A study from the University of Sheffield has identified a genetic mutation that is responsible for deafness. This abnormality affects the hair cells located in the inner ear that send electrical signals to the brain to enable hearing.
By studying mice, the team of researchers singled out a group that carried a mutation in a gene called miR-96. As a result, inner ear hair cells stopped developing at birth. Not only are the hairs themselves stunted, but the base nerve cells that are responsible for carrying auditory signals to the brain.
Because miR-96 can be targeted with drugs, this research may lead the way towards developing new treatments for hearing loss. Dr. Walter Marcotti calls these findings "new and exciting" and hopes these findings can be used to help people of all ages coping with impaired hearing.
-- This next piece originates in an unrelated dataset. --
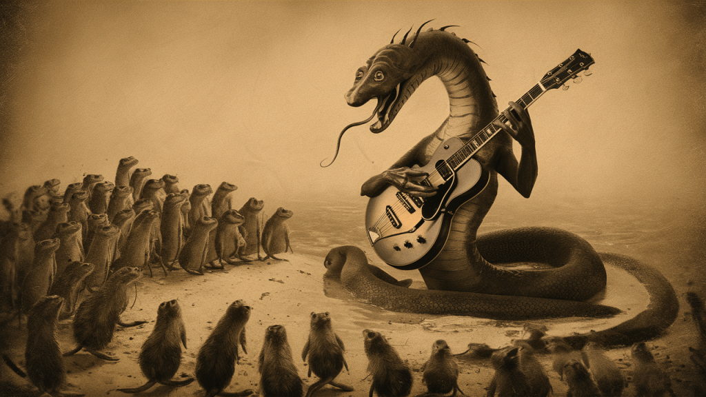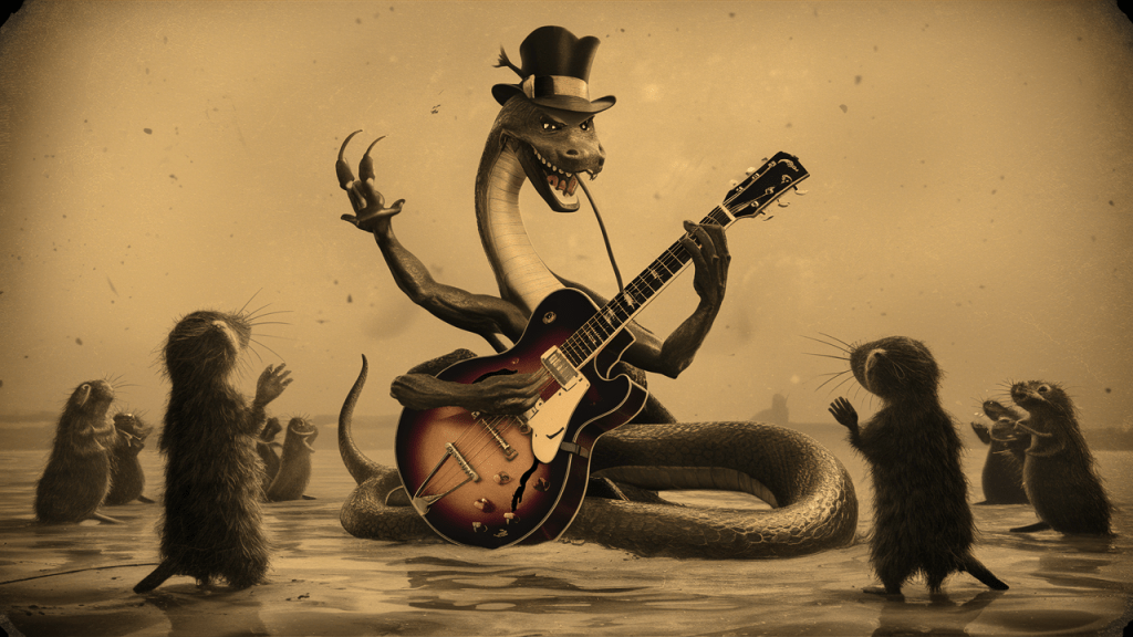 Berenice was no ordinary serpent. Legends whispered of her arrival with the glaciers, a creature from a time before time, bearing the secrets of the cosmos in her reptilian gaze. Her serpentine form stretched for yards, each undulation powerful enough to capsize a schooner. Tonight, however, Berenice wasn’t there to hunt. In her sinuous grasp, cradled like a forgotten relic, was a battered acoustic guitar.

Of the roughly 307 million Americans in the U.S., about 36 million have some hearing loss and the statistics grow with age: 18 percent of people between 45 and 64 report hearing impairments, while 47 percent of adults aged 75 and older suffer from hearing loss. In addition to gradual hearing loss, many children are born completely deaf or with impaired hearing. Around 3 out of every 1,000 children in the United States are born this way.